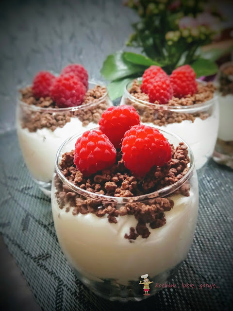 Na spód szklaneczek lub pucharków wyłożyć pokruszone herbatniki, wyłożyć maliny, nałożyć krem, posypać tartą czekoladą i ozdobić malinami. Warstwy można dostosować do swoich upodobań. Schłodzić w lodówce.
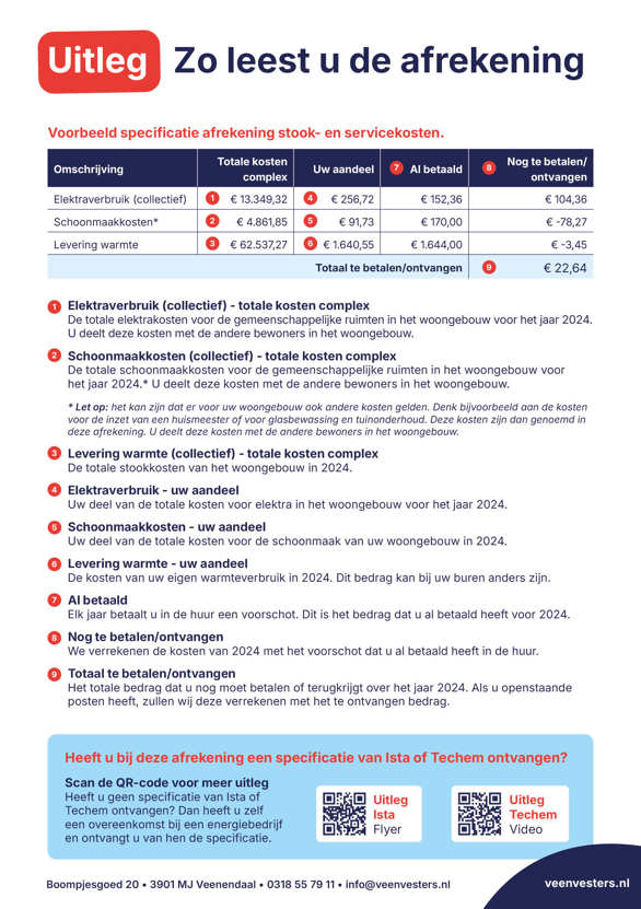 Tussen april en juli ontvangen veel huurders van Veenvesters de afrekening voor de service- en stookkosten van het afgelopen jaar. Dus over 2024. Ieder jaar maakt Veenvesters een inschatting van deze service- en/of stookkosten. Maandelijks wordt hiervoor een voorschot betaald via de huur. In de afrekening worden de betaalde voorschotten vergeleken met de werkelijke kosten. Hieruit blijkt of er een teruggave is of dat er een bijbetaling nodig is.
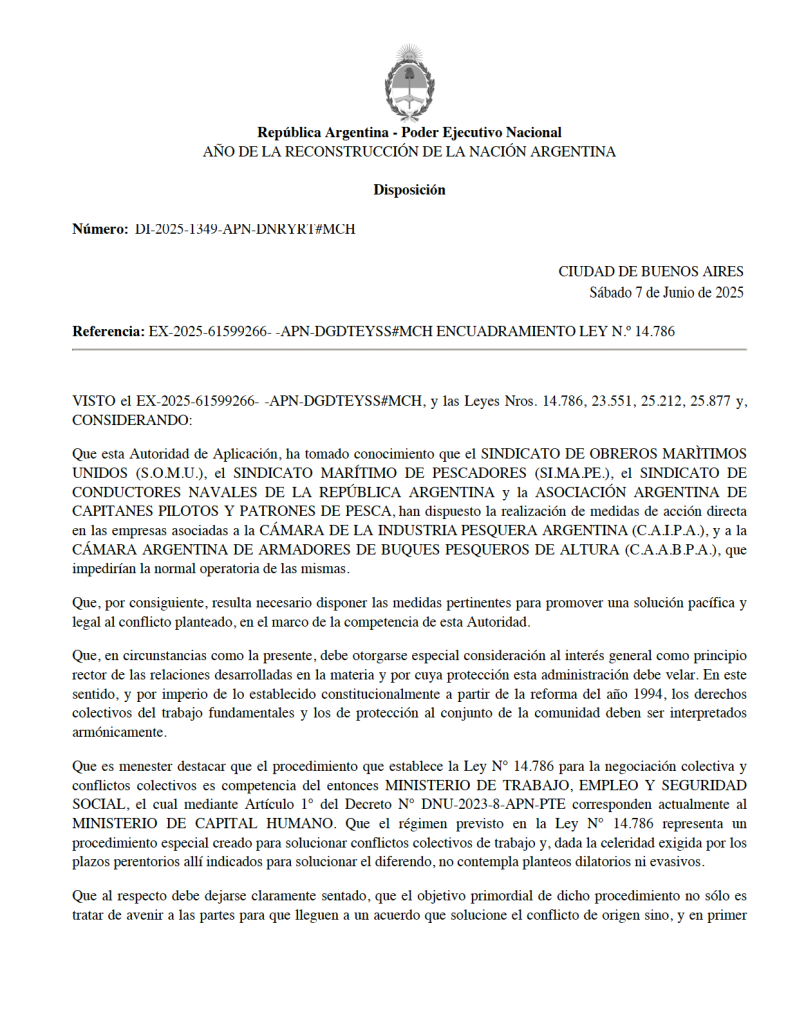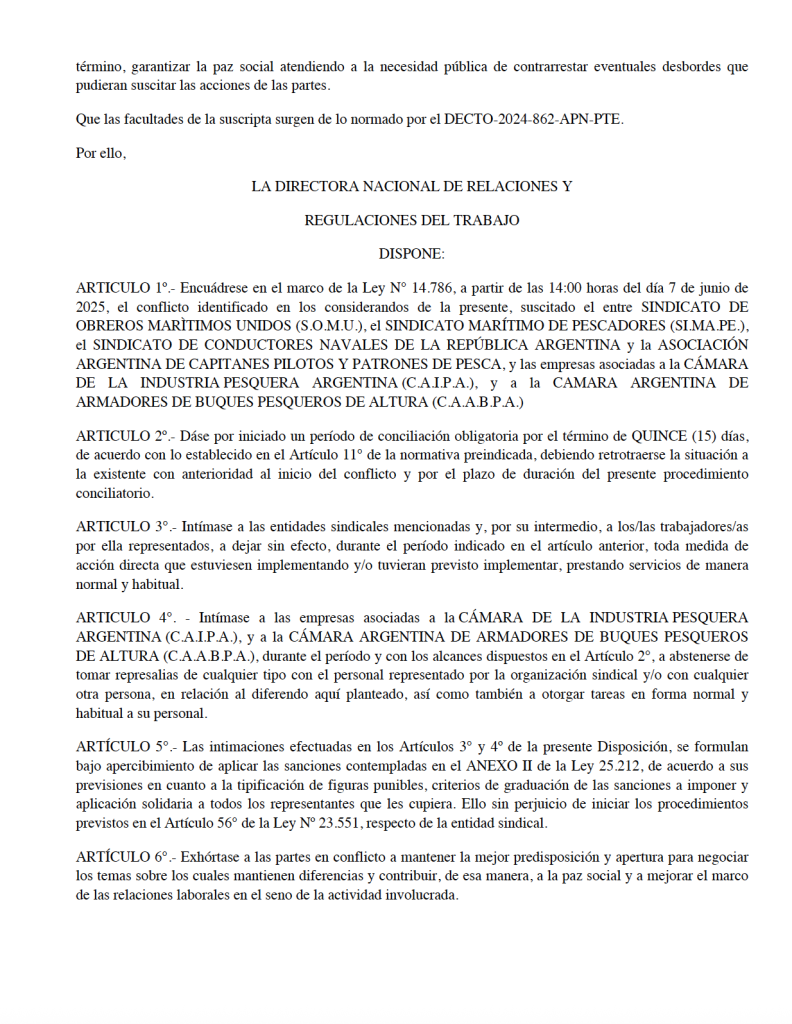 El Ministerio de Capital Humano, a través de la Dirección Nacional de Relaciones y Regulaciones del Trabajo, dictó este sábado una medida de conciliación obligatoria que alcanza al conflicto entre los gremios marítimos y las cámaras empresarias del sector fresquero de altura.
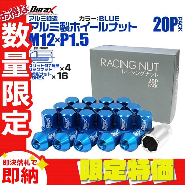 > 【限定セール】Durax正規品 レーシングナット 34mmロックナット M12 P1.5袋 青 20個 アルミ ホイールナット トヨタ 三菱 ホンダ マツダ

....

◆ WORK REQUEST: Reproduce each line above exactly, but not a single picture.

◆ TASK RESPONSE:
 Na spód szklaneczek lub pucharków wyłożyć pokruszone herbatniki, wyłożyć maliny, nałożyć krem, posypać tartą czekoladą i ozdobić malinami. Warstwy można dostosować do swoich upodobań. Schłodzić w lodówce.
 Tussen april en juli ontvangen veel huurders van Veenvesters de afrekening voor de service- en stookkosten van het afgelopen jaar. Dus over 2024. Ieder jaar maakt Veenvesters een inschatting van deze service- en/of stookkosten. Maandelijks wordt hiervoor een voorschot betaald via de huur. In de afrekening worden de betaalde voorschotten vergeleken met de werkelijke kosten. Hieruit blijkt of er een teruggave is of dat er een bijbetaling nodig is.
 El Ministerio de Capital Humano, a través de la Dirección Nacional de Relaciones y Regulaciones del Trabajo, dictó este sábado una medida de conciliación obligatoria que alcanza al conflicto entre los gremios marítimos y las cámaras empresarias del sector fresquero de altura.
 > 【限定セール】Durax正規品 レーシングナット 34mmロックナット M12 P1.5袋 青 20個 アルミ ホイールナット トヨタ 三菱 ホンダ マツダ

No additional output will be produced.